Мэгги встала, с такой силой оттолкнув стул, что он отлетел к соседнему столику. Она вышла из кафе, хлопнув дверью, но напоследок успела услышать, как женщина пробормотала:
– Странная девочка.
Мэгги быстро шла по темнеющим улицам – мимо прилепившихся друг к другу домиков с террасами с жёлтым светом, льющимся из окон. Она опаздывала.
Мэгги спешила не ради своей тёти Эсме – той всё равно, когда она вернётся домой, что будет делать и зачем. Она торопилась ради мамы и их еженедельного созвона – в пять часов вечера каждый четверг.
Мэгги срезала путь по переулку возле церкви и вышла к стоящим полукругом одинаковым причудливо украшенным домикам, от которых путь лежал обратно на хай-стрит и к Милтон-Лодж.
Милтон-Лодж был странным домом, выглядевшим так, словно тут обитали призраки. Он располагался в стороне от хай-стрит, на поросшей мхом гравиевой дороге, где вода после дождя часто собиралась в огромные лужи. Здесь, в однокомнатной квартире на первом этаже, и жила тётя Эсме.
Мэгги поплелась к двери. Зимняя тьма опустилась внезапно, как это всегда бывало, а фонарь с датчиком движения перестал работать. Мэгги, тем не менее, сумела разглядеть комок довольно густой шерсти – одноглазого кота, который, кажется, был ничьим, но частенько сидел на коврике у двери дома. Проходя мимо, Мэгги погладила его. Старый кот коротко, но громко мурлыкнул и посмотрел на неё, надеясь, что Мэгги позволит ему убраться с холода и войти в дом.
– Прости, котик. Я бы впустила, но ты же знаешь, что Эсме тебя терпеть не может.
На самом деле это странно, потому что тётя Эсме, казалось бы, равнодушно относилась ко всему на свете. Кроме этого кота. Он был старым потрёпанным зверем, отставным уличным бойцом – судя по тонким рваным ушам. Из-за единственного глаза создавалось впечатление, будто кот весело подмигивает ей. И Мэгги могла поклясться, что порой он мурлычет что-то похожее на джаз. Впрочем, она часто воображала разные вещи, которых на самом деле не существовало.
– Может, завтра.
Это вроде бы удовлетворило кота. Опустив круглую голову, он снова принялся наблюдать за машинами, проносившимися по тёмной узкой дороге.
Едва войдя в унылый пыльный коридор, Мэгги услышала телефонный звонок.
– Чёрт!
Она бросилась открывать дверь квартиры № 1, но ключ поворачивался в замке хитрым образом, и теперь, когда Мэгги поспешила, он застрял. А гудки, казалось, становились всё пронзительнее и пронзительнее. Мэгги почти слышала мысли своей матери: «На эту девчонку ни в чём невозможно положиться. Она пропащая».

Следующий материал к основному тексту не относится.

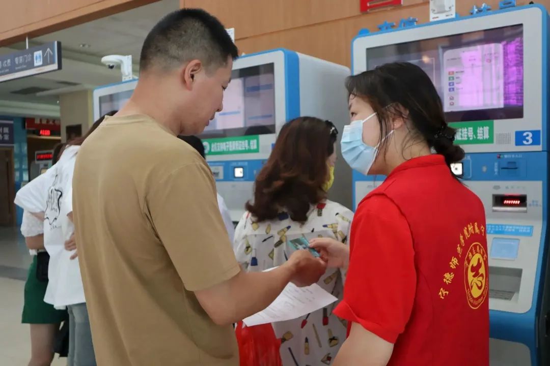 愈接近周末,各科室门诊大厅愈发人满为患。2023年7月7日,宁德师范学院医学院“医路践行,以声传心”重点社会实践团队的成员们在各自诊室带教老师的领导下系统、有序地进行导医导诊的社会志愿服务,队员们逐渐从手足无措,不知所云到了然于心,得心应手。

Наконец дверь распахнулась. Мэгги ринулась в гостиную и схватила старый телефон с чёрным диском – вероятно, последний, который ещё использовался, а не стоял в музее.
– Алло?
– О, ты здесь? Я уж и не думала, что ты возьмёшь трубку.
– Я… я принимала ванну.
Мэгги сама не знала, зачем соврала, но врала она маме часто. Это была привычка, инстинкт самосохранения.
– Ты же знаешь, что мы созваниваемся в пять вечера каждый четверг. Это единственное, о чём я прошу.
– Я не думала, что уже так поздно.
– И не выливай всю горячую воду Эсме. Ванна в пять часов?
– Прости.
– Не передо мной извиняйся. Это вода Эсме.
Последовала долгая пауза. Синтия Браун вспоминала советы психотерапевта насчёт того, как общаться с дочерью.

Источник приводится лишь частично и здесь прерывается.